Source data
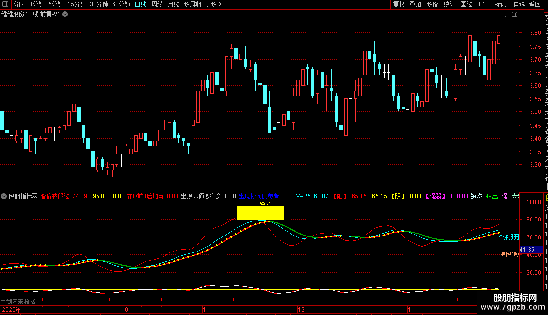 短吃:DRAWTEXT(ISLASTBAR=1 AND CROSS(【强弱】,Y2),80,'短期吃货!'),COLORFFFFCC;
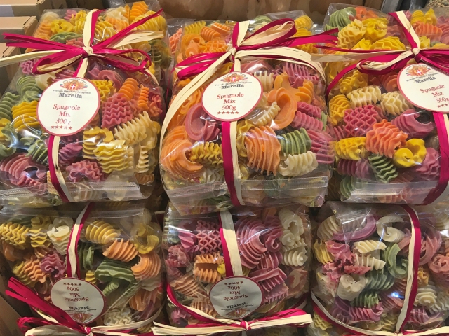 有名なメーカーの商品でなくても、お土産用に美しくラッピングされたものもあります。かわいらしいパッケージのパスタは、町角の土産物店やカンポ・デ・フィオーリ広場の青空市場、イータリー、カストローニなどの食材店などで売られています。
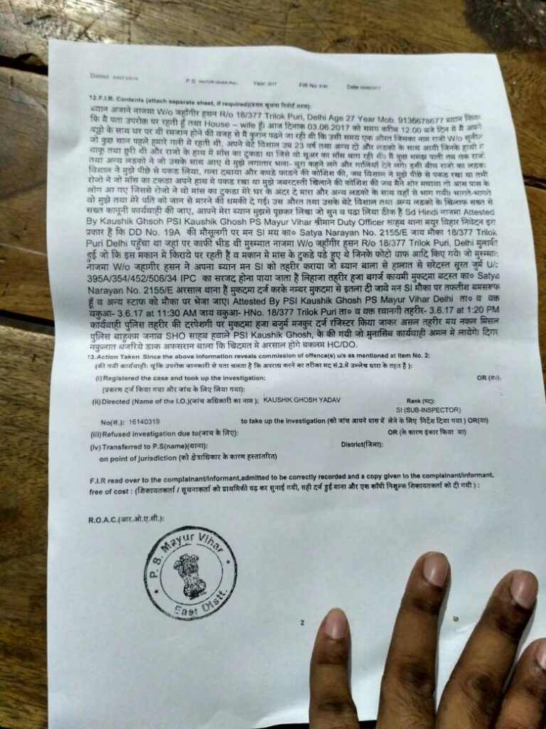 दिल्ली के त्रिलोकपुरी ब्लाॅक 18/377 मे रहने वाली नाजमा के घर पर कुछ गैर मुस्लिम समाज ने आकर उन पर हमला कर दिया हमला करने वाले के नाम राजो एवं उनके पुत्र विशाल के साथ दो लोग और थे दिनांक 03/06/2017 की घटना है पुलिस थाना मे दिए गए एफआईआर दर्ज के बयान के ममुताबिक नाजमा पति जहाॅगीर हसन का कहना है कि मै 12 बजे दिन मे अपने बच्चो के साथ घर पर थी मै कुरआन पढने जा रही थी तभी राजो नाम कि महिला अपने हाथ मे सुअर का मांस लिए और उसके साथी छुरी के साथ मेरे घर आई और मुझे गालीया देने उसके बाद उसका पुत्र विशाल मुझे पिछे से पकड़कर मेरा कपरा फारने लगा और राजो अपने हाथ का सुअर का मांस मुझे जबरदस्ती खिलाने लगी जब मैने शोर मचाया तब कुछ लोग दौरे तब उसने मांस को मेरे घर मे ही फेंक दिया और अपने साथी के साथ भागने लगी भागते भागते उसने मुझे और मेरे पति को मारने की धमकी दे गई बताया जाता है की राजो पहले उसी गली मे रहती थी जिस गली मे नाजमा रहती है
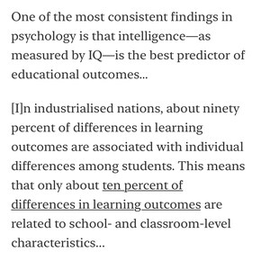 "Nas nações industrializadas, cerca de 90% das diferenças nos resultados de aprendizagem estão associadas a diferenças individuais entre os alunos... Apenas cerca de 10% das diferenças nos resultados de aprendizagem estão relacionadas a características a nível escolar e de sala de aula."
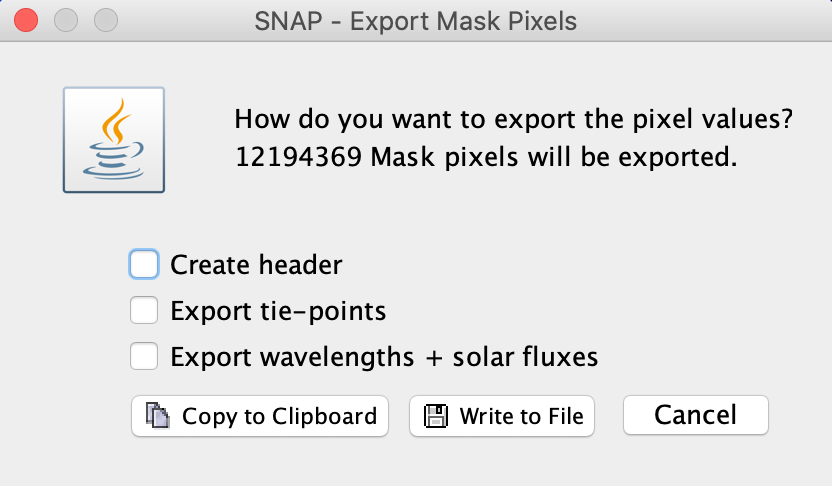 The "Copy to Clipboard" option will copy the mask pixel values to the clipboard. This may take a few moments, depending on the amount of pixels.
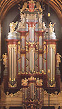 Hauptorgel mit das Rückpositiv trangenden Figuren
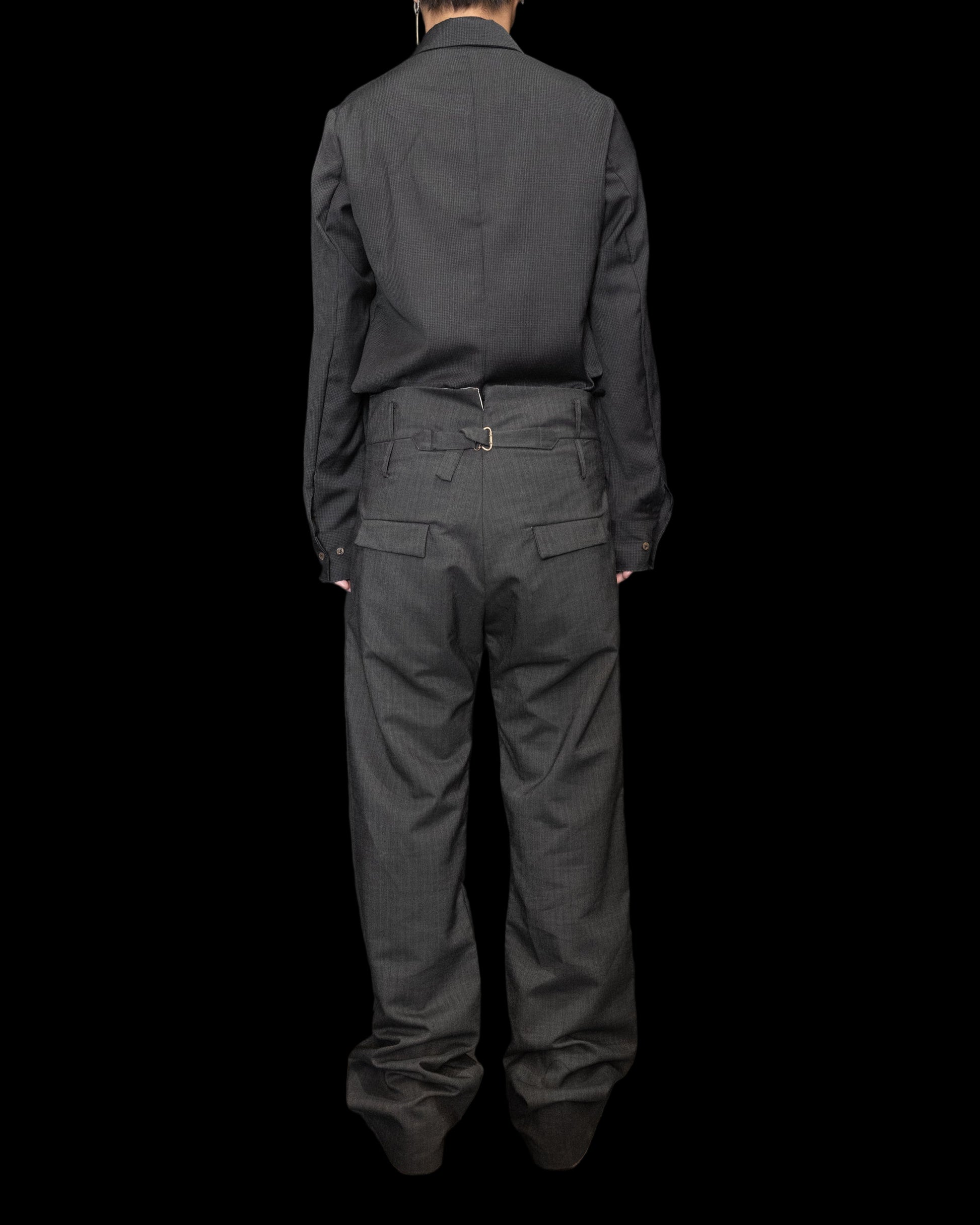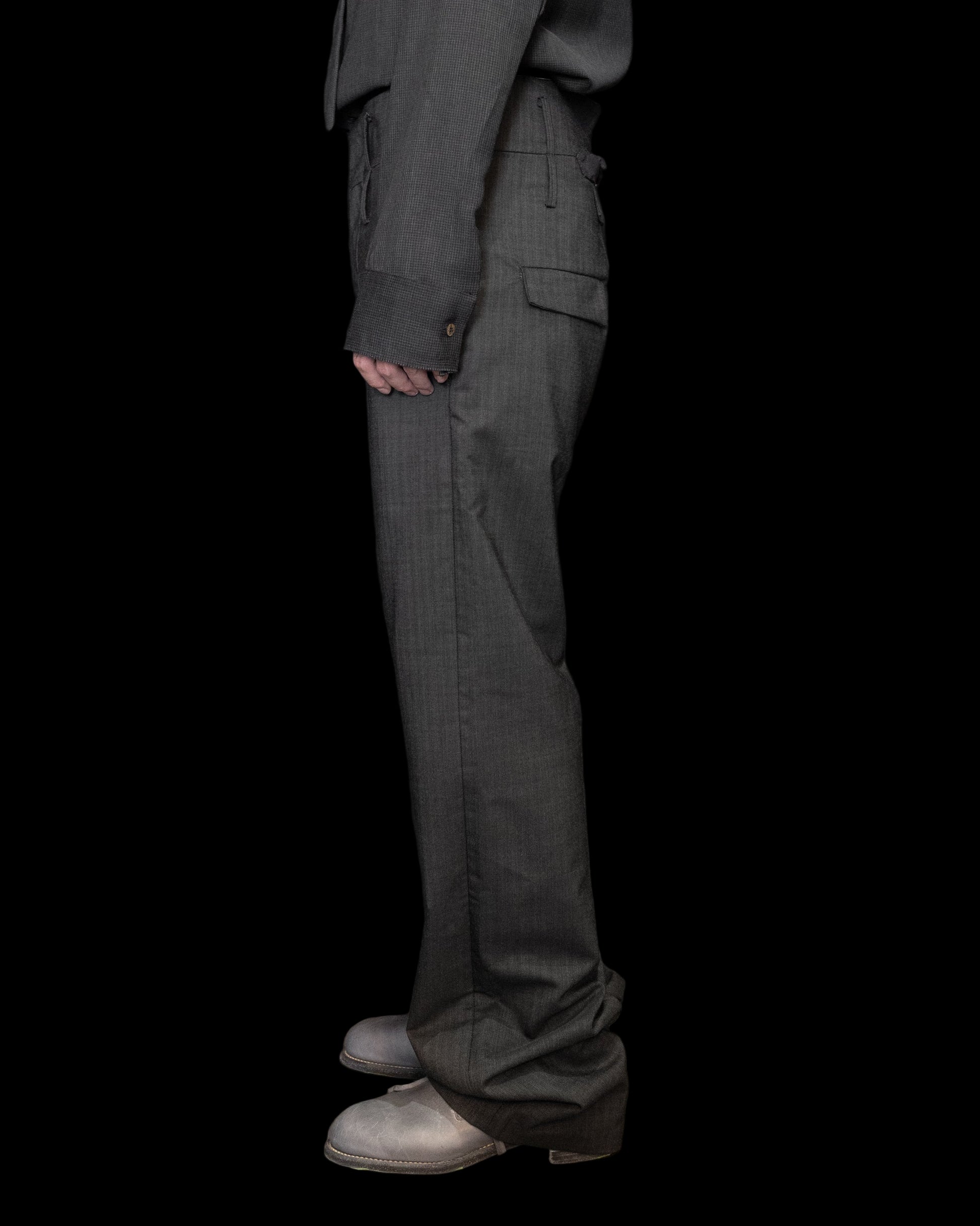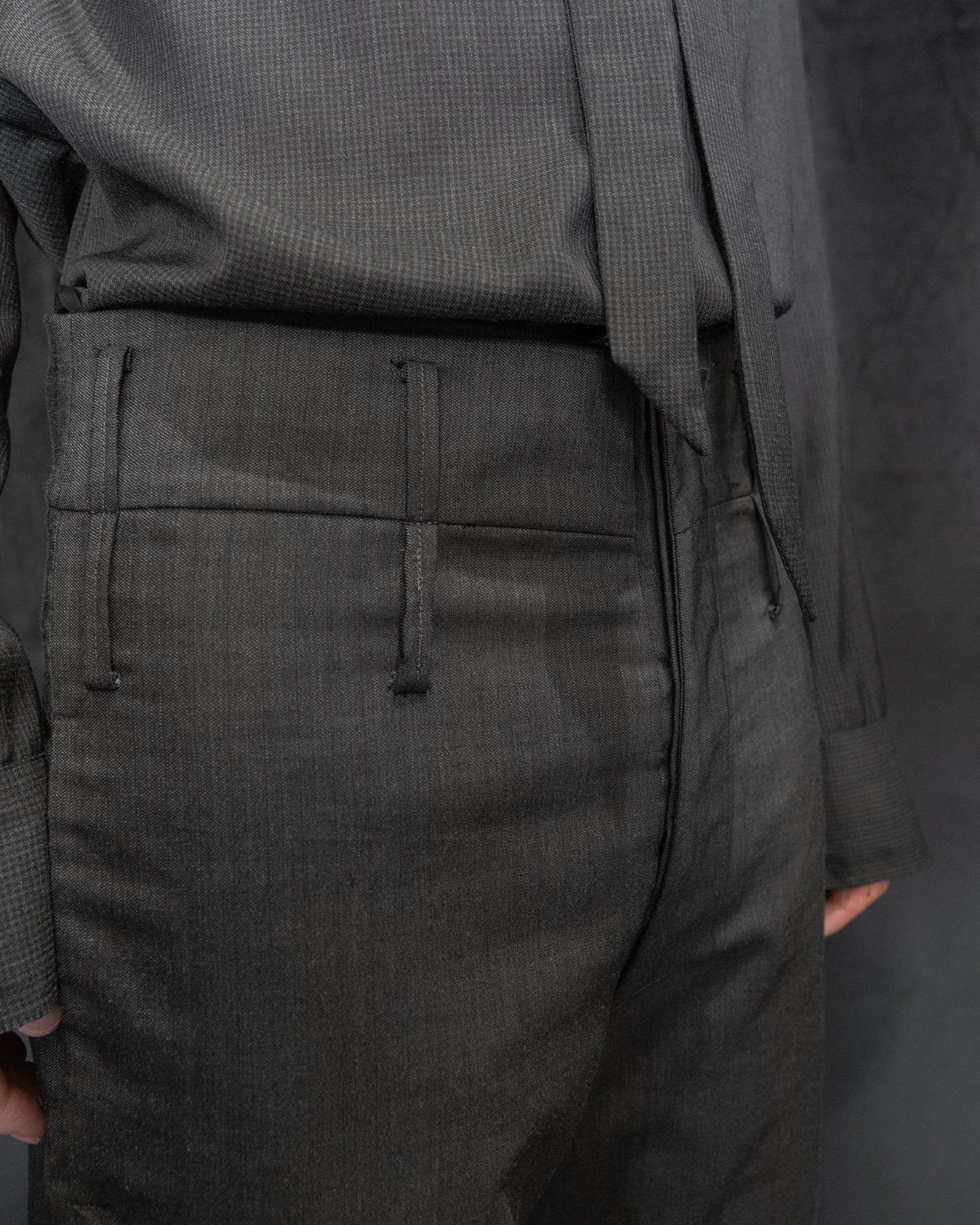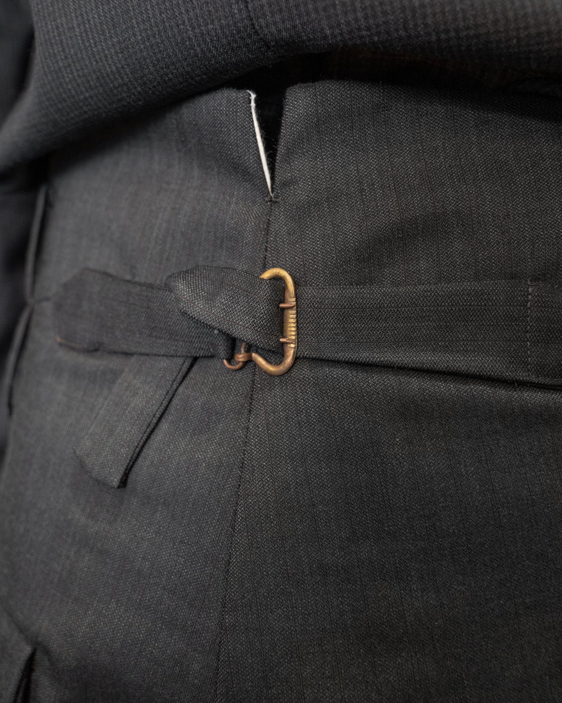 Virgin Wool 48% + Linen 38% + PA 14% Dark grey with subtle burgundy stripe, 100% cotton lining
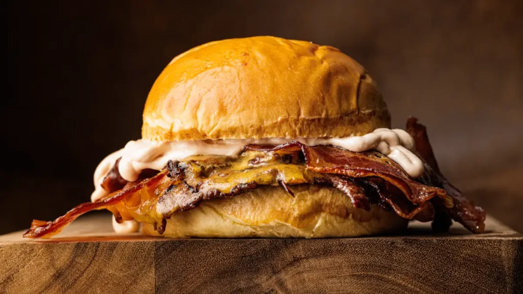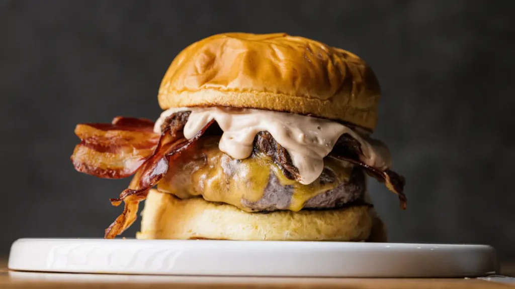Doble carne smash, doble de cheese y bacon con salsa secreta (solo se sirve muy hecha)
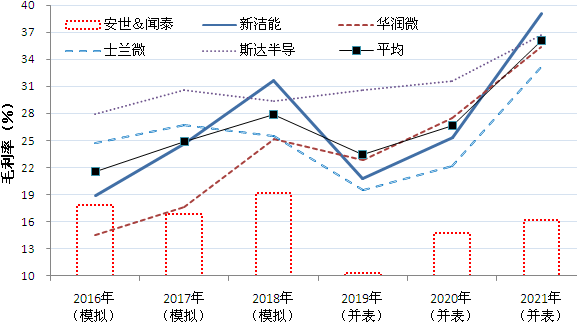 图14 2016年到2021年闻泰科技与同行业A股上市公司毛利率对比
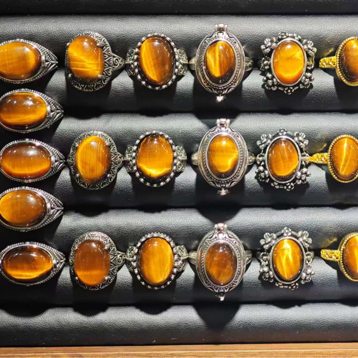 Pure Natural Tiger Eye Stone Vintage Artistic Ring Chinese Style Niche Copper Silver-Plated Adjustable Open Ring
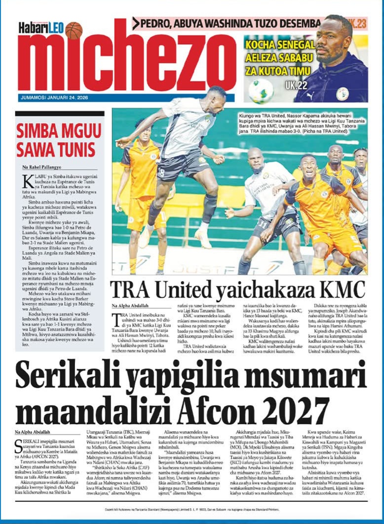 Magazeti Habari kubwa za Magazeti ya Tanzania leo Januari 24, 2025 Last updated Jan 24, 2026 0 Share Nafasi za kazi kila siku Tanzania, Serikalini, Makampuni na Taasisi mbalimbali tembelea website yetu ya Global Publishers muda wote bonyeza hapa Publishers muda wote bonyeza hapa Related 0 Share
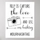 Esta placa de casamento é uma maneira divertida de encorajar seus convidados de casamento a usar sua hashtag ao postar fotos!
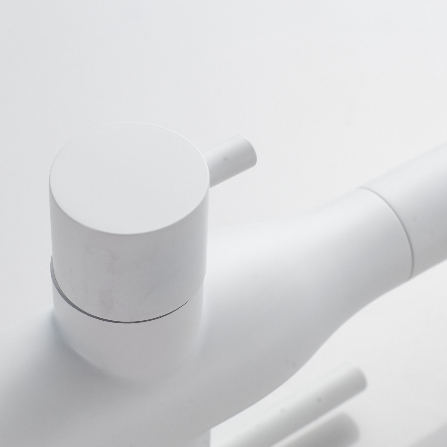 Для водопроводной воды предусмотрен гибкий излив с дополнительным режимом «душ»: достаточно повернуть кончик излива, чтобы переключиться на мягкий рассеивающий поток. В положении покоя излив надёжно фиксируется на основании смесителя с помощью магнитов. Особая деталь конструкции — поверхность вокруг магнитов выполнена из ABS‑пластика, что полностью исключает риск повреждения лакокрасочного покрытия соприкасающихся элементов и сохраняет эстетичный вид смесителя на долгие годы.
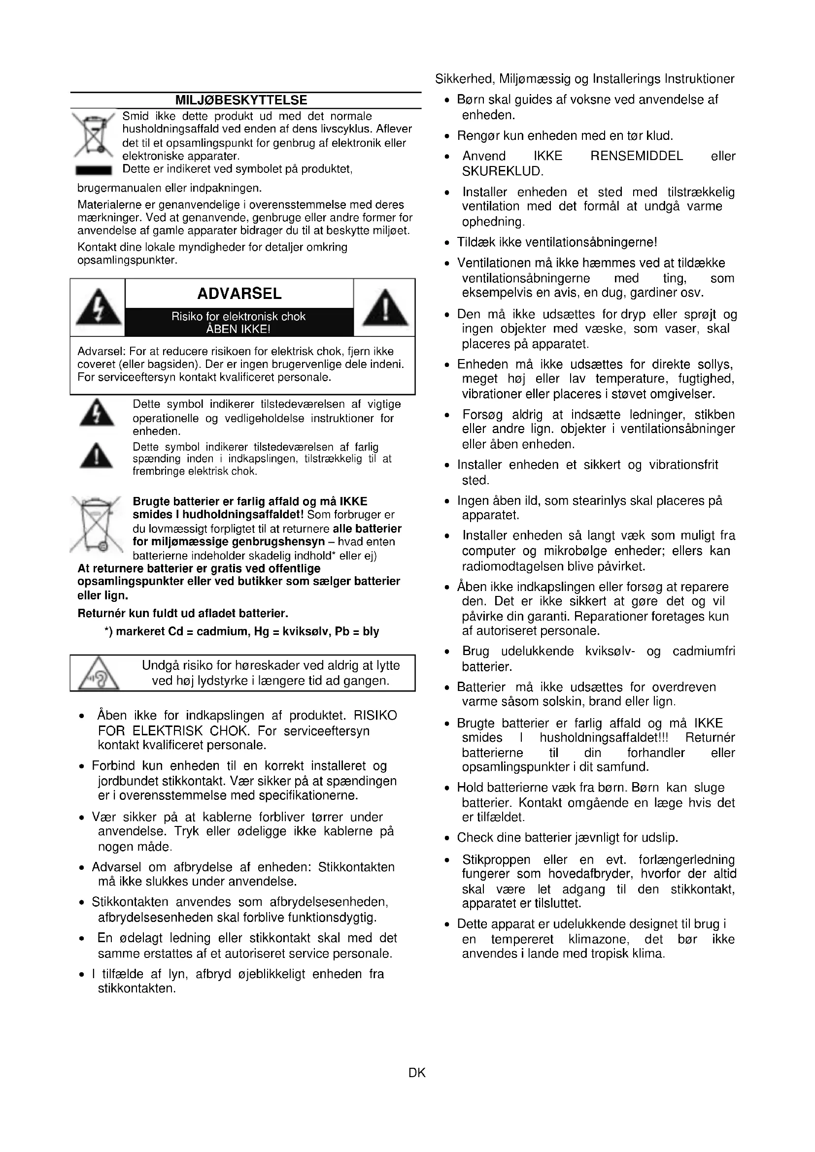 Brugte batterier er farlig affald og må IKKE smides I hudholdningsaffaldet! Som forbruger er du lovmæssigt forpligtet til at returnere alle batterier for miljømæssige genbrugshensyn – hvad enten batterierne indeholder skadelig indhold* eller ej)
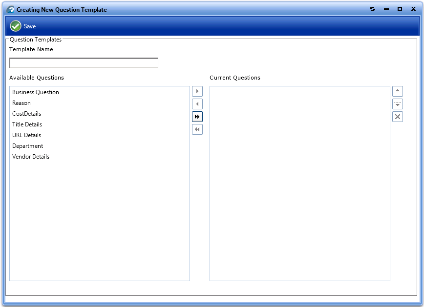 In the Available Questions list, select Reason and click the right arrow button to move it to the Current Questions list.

DESCRIPTION OF THE TASK: Each line from the one containing "Esta placa de" through the last line of the entries above should be duplicated exactly, both included; leave out pictures and add nothing.

SOLUTION TO THE PROBLEM:
 Esta placa de casamento é uma maneira divertida de encorajar seus convidados de casamento a usar sua hashtag ao postar fotos!
 Для водопроводной воды предусмотрен гибкий излив с дополнительным режимом «душ»: достаточно повернуть кончик излива, чтобы переключиться на мягкий рассеивающий поток. В положении покоя излив надёжно фиксируется на основании смесителя с помощью магнитов. Особая деталь конструкции — поверхность вокруг магнитов выполнена из ABS‑пластика, что полностью исключает риск повреждения лакокрасочного покрытия соприкасающихся элементов и сохраняет эстетичный вид смесителя на долгие годы.
 Brugte batterier er farlig affald og må IKKE smides I hudholdningsaffaldet! Som forbruger er du lovmæssigt forpligtet til at returnere alle batterier for miljømæssige genbrugshensyn – hvad enten batterierne indeholder skadelig indhold* eller ej)
 In the Available Questions list, select Reason and click the right arrow button to move it to the Current Questions list.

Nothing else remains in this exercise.